TASK: Somewhere below, one line contains "昆虫飼料で育てたブリ料理提供 丸紅 (ミールワーム)" and a later line contains "Eimi von Wella". Output those two lines and everything between them exactly, and nothing else.

(DATA EXTRACTS begins)

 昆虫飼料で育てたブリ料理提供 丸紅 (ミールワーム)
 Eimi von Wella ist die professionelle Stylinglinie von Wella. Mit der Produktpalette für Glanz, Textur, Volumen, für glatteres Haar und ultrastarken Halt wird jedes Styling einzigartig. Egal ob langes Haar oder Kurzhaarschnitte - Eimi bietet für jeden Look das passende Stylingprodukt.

(DATA EXTRACTS ends)
(DATA EXTRACTS begins)

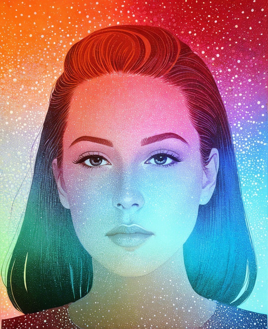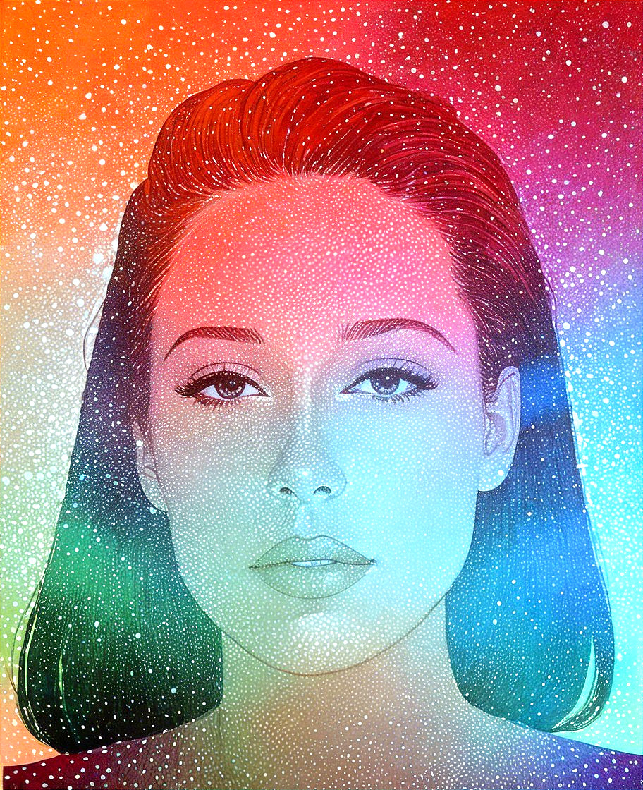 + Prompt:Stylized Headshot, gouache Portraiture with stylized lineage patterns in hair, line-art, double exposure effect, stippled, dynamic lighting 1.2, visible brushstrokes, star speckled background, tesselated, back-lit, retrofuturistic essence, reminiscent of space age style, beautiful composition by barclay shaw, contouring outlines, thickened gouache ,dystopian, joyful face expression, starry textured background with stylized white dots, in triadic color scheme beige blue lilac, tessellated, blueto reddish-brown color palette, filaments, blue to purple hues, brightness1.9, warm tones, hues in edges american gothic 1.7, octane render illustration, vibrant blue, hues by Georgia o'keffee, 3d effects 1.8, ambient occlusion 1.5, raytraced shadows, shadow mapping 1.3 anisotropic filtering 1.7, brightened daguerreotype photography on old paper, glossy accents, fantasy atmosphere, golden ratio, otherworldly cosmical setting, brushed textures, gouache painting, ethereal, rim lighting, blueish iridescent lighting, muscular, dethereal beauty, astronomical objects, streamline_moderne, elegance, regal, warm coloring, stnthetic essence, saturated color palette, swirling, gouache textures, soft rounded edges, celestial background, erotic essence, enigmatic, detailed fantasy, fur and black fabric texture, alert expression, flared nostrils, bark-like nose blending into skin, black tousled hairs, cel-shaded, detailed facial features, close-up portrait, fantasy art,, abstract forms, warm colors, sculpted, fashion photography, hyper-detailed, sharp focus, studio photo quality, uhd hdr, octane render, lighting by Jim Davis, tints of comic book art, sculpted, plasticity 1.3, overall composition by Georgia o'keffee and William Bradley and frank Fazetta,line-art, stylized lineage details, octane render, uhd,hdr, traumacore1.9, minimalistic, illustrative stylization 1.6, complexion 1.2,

(DATA EXTRACTS ends)

RESPONSE TO THIS EXERCISE:
 昆虫飼料で育てたブリ料理提供 丸紅 (ミールワーム)
 Eimi von Wella ist die professionelle Stylinglinie von Wella. Mit der Produktpalette für Glanz, Textur, Volumen, für glatteres Haar und ultrastarken Halt wird jedes Styling einzigartig. Egal ob langes Haar oder Kurzhaarschnitte - Eimi bietet für jeden Look das passende Stylingprodukt.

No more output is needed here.